◆ **DATA EXCERPT**
------------------------------------------------------------------------
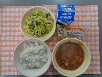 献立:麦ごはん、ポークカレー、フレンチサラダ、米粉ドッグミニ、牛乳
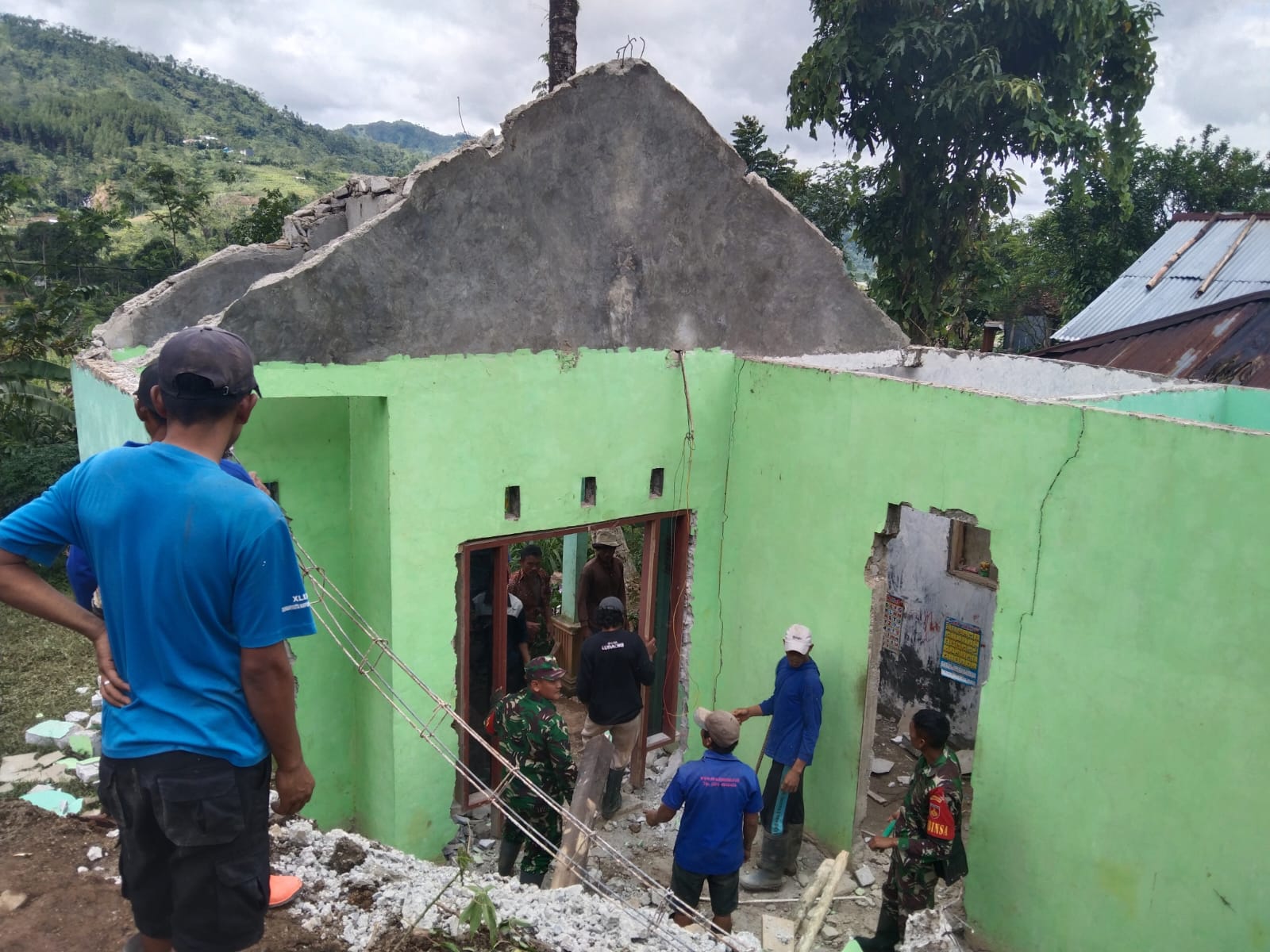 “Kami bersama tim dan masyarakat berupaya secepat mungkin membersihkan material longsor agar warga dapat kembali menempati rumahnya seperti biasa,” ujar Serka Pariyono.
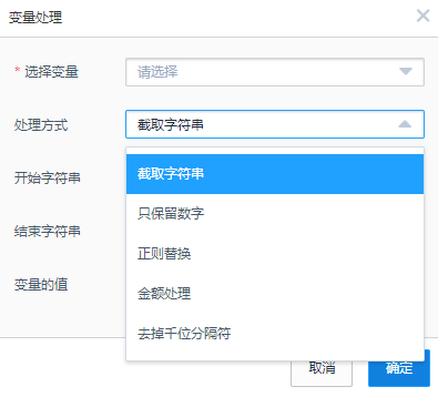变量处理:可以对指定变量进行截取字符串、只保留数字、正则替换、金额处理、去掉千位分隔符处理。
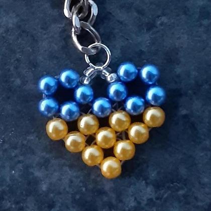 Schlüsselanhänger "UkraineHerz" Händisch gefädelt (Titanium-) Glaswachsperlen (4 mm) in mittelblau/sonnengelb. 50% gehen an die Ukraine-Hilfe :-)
------------------------------------------------------------------------
◆ **WHAT THE TASK ASKS**
The whole listing is to be written out exactly; the pictures stay out of the copy.

◆ **SOLVED EXERCISE**
 献立:麦ごはん、ポークカレー、フレンチサラダ、米粉ドッグミニ、牛乳
 “Kami bersama tim dan masyarakat berupaya secepat mungkin membersihkan material longsor agar warga dapat kembali menempati rumahnya seperti biasa,” ujar Serka Pariyono.
变量处理:可以对指定变量进行截取字符串、只保留数字、正则替换、金额处理、去掉千位分隔符处理。
 Schlüsselanhänger "UkraineHerz" Händisch gefädelt (Titanium-) Glaswachsperlen (4 mm) in mittelblau/sonnengelb. 50% gehen an die Ukraine-Hilfe :-)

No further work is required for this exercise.